§ **Given information**:
★ ★ ★ ★ ★ ★ ★

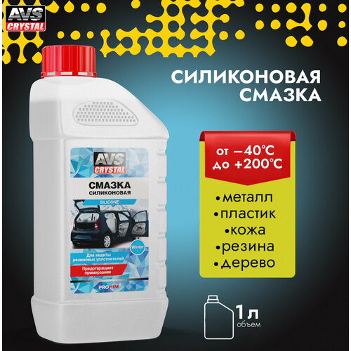 Смазка силиконовая 1 л AVS AVK-720Смазка силиконовая для защиты резиновых уплотнителей. Предотвращает примерзание.Тип: флягаОбъем: 1 лСмазка силиконовая для защиты резиновых уплотнителей. Предотвращает примерзание.Тип: флягаОбъем: 1 лПредназначена для защиты резиновых деталей и уплотнителей от естественного старения, и воздействия температур. Образует на обрабатываемых поверхностях полимерный слой, обладающий водоотталкивающими и смазывающими свойствами. Предотвращает примерзание и растрескивание. Подходит для применения на станциях технического обслуживания, в гаражах, мастерских, на производстве и в быту.Способ применения: Нанести средство при помощи губки на предварительно очищенную поверхность и равномерно распределить состав по поверхности. При необходимости повторить процедуру.Меры предосторожности: Избегать попадания в глаза. При попадании тщательно промыть водой, при необходимости обратиться за медицинской помощью. Использовать по назначению. Беречь от детей.Условия транспортировки и хранения: Хранить в сухом, хорошо проветриваемом помещении, на расстоянии не менее 1 м от нагревательных приборов, при температуре от +0°С до +35°С. Избегать попадания прямых солнечных лучей. Хранить в плотно закрытой таре.Тип: флягаОбъем: 1 лСиликоновые полимеры.
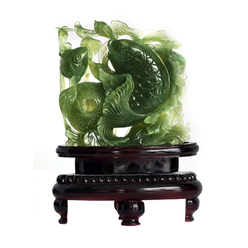 以翻騰的浪花為背景,左下角精心鏤空雕琢魚簍,兩尾鯉魚翹首翻騰,錯(cuò)落有致,顯示出勃勃的生機(jī),整體設(shè)計(jì)恰到好處。魚通“余”,有年年有余、世代富足之意。
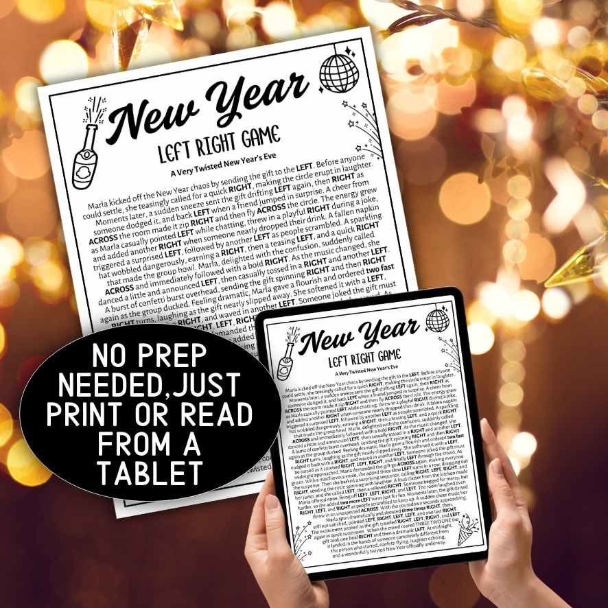 New Yearâs Left Right Game Printable is the perfect way to bring laughter, excitement, and energy to your New Yearâs Eve celebration! This festive, story-based pass-the-gift game keeps guests on their toes as they listen closely for the words LEFT and RIGHT while passing a gift around the circle. Whether you're hosting a cozy family gathering or a big countdown celebration with friends, this printable game guarantees instant fun for all ages.
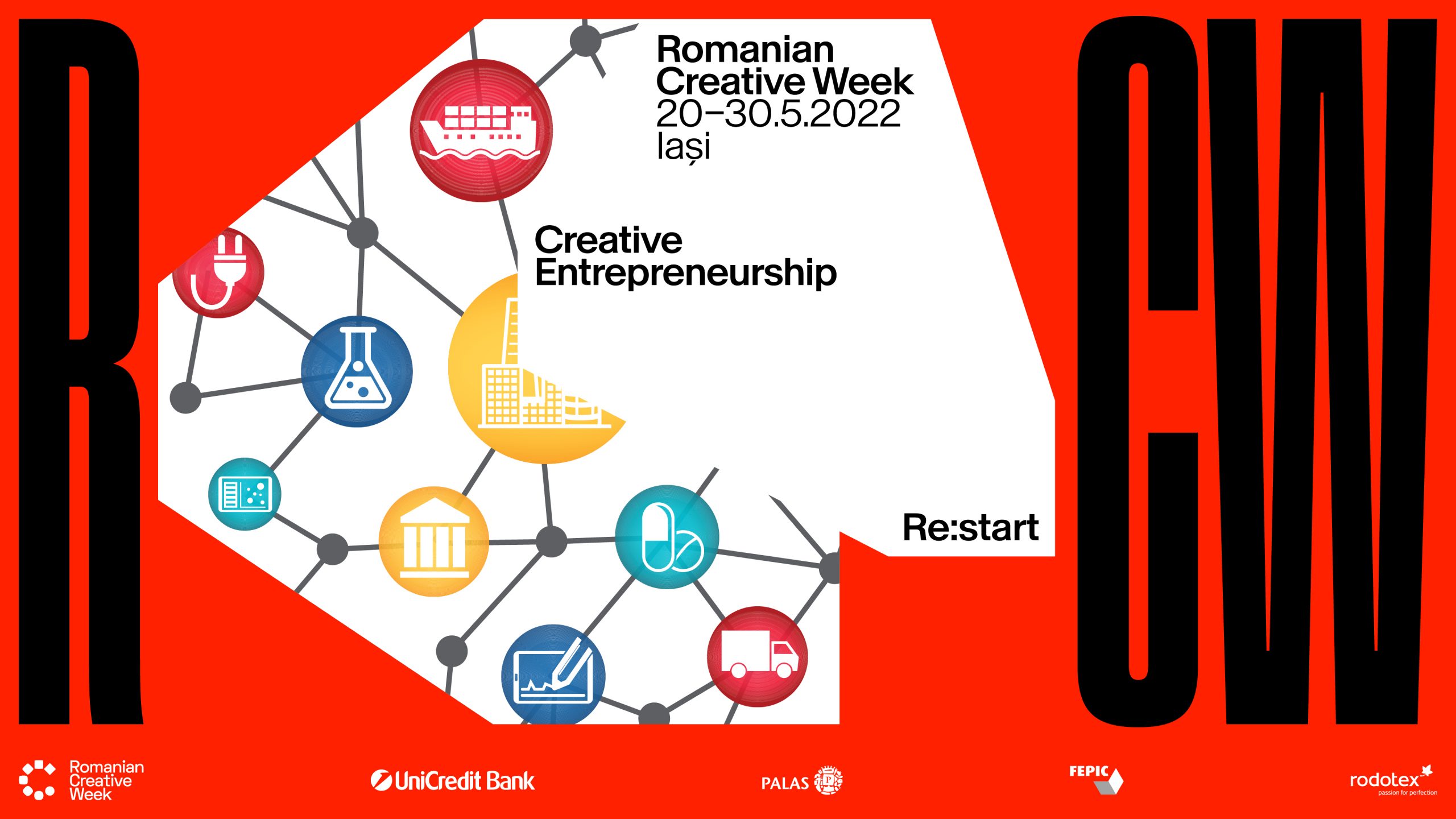 Romanian Creative Week este un eveniment organizat de Federația Patronatelor din Industriile Creative, singura federație patronală reprezentativă la nivel național care activează în sectorul Industriilor Creative din România, avându-i drept parteneri pe: Primăria Municipiului Iași, Palas, Ministerul Culturii, Complexul Muzeal Național Moldova Iași, Muzeul Național al Literaturii Române Iași, Universitatea Națională de Arte „George Enescu Iași”, Universitatea de Medicină și Farmacie „Gr. T. Popa” Iași, Universitatea „Al.I. Cuza” Iași, UniCredit Bank, glo™, BCR, Raiffeisen Bank, Lancome, Philips, Vodafone, Rodotex, Greenfield Copou, Freudenberg, DPD, Lenovo, Samsung, Volvo, Red Bull, Polirom, Uniunea Artiștilor Plastici Iași, StakeBorg, Code 932, FONTIS, Institutul Cultural Francez, IndieRO, Spitalul Militar Iași, Școala „Gheorghe Asachi” Iași, Direcția Apelor Prut, PRO TV, Kiss FM, TVR Iași, Agerpress.
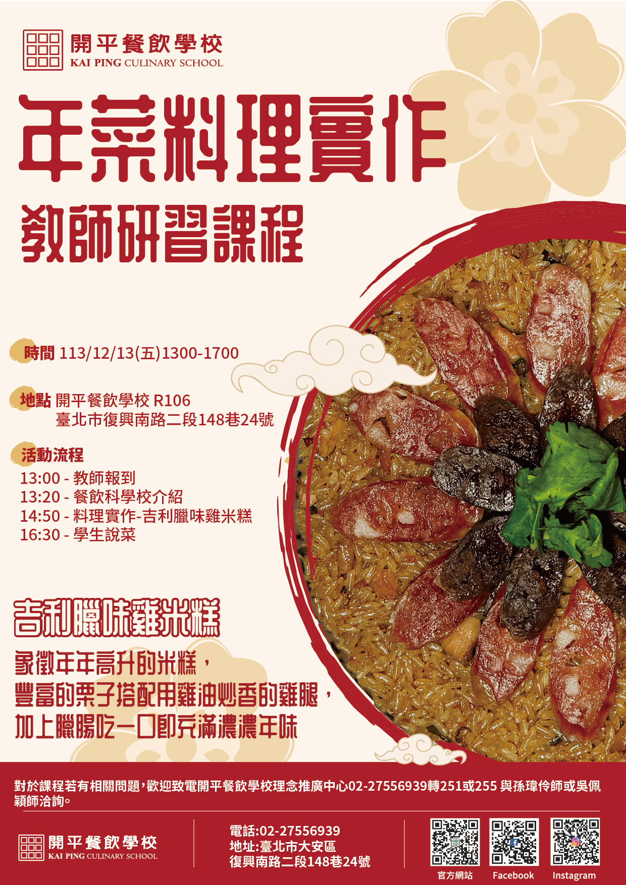 四、報名方式:採線上報名,請上”全國教師在職進修資訊網”報名,課程名稱:創意年菜教師研習,課程代碼: 4775177 。報名截止日期: 113 年 12 月 11 日(三),課程名單將於開課前二天確認遴選名單。
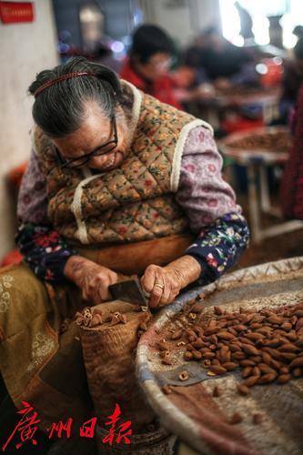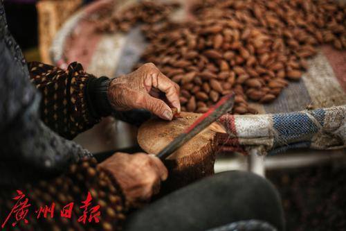 “哆、哆、哆”,此起彼伏的敲击声从增城石滩一间沿街屋宇中传出,几十位老婆婆散坐在房中,她们面前的竹斗笠中堆着两头尖尖的橄榄核。只见她们一手捏住橄榄核,一手用小刀熟练地敲击橄榄核中间,手起刀落,坚硬的榄核应声破开,露出了里面褐色的榄仁。

★ ★ ★ ★ ★ ★ ★

§ **Exercise brief**: Please repeat each record exactly and keep every picture out of the copy.

§ **Output for this exercise**:
 Смазка силиконовая 1 л AVS AVK-720Смазка силиконовая для защиты резиновых уплотнителей. Предотвращает примерзание.Тип: флягаОбъем: 1 лСмазка силиконовая для защиты резиновых уплотнителей. Предотвращает примерзание.Тип: флягаОбъем: 1 лПредназначена для защиты резиновых деталей и уплотнителей от естественного старения, и воздействия температур. Образует на обрабатываемых поверхностях полимерный слой, обладающий водоотталкивающими и смазывающими свойствами. Предотвращает примерзание и растрескивание. Подходит для применения на станциях технического обслуживания, в гаражах, мастерских, на производстве и в быту.Способ применения: Нанести средство при помощи губки на предварительно очищенную поверхность и равномерно распределить состав по поверхности. При необходимости повторить процедуру.Меры предосторожности: Избегать попадания в глаза. При попадании тщательно промыть водой, при необходимости обратиться за медицинской помощью. Использовать по назначению. Беречь от детей.Условия транспортировки и хранения: Хранить в сухом, хорошо проветриваемом помещении, на расстоянии не менее 1 м от нагревательных приборов, при температуре от +0°С до +35°С. Избегать попадания прямых солнечных лучей. Хранить в плотно закрытой таре.Тип: флягаОбъем: 1 лСиликоновые полимеры.
 以翻騰的浪花為背景,左下角精心鏤空雕琢魚簍,兩尾鯉魚翹首翻騰,錯(cuò)落有致,顯示出勃勃的生機(jī),整體設(shè)計(jì)恰到好處。魚通“余”,有年年有余、世代富足之意。
 New Yearâs Left Right Game Printable is the perfect way to bring laughter, excitement, and energy to your New Yearâs Eve celebration! This festive, story-based pass-the-gift game keeps guests on their toes as they listen closely for the words LEFT and RIGHT while passing a gift around the circle. Whether you're hosting a cozy family gathering or a big countdown celebration with friends, this printable game guarantees instant fun for all ages.
 Romanian Creative Week este un eveniment organizat de Federația Patronatelor din Industriile Creative, singura federație patronală reprezentativă la nivel național care activează în sectorul Industriilor Creative din România, avându-i drept parteneri pe: Primăria Municipiului Iași, Palas, Ministerul Culturii, Complexul Muzeal Național Moldova Iași, Muzeul Național al Literaturii Române Iași, Universitatea Națională de Arte „George Enescu Iași”, Universitatea de Medicină și Farmacie „Gr. T. Popa” Iași, Universitatea „Al.I. Cuza” Iași, UniCredit Bank, glo™, BCR, Raiffeisen Bank, Lancome, Philips, Vodafone, Rodotex, Greenfield Copou, Freudenberg, DPD, Lenovo, Samsung, Volvo, Red Bull, Polirom, Uniunea Artiștilor Plastici Iași, StakeBorg, Code 932, FONTIS, Institutul Cultural Francez, IndieRO, Spitalul Militar Iași, Școala „Gheorghe Asachi” Iași, Direcția Apelor Prut, PRO TV, Kiss FM, TVR Iași, Agerpress.
 四、報名方式:採線上報名,請上”全國教師在職進修資訊網”報名,課程名稱:創意年菜教師研習,課程代碼: 4775177 。報名截止日期: 113 年 12 月 11 日(三),課程名單將於開課前二天確認遴選名單。
 “哆、哆、哆”,此起彼伏的敲击声从增城石滩一间沿街屋宇中传出,几十位老婆婆散坐在房中,她们面前的竹斗笠中堆着两头尖尖的橄榄核。只见她们一手捏住橄榄核,一手用小刀熟练地敲击橄榄核中间,手起刀落,坚硬的榄核应声破开,露出了里面褐色的榄仁。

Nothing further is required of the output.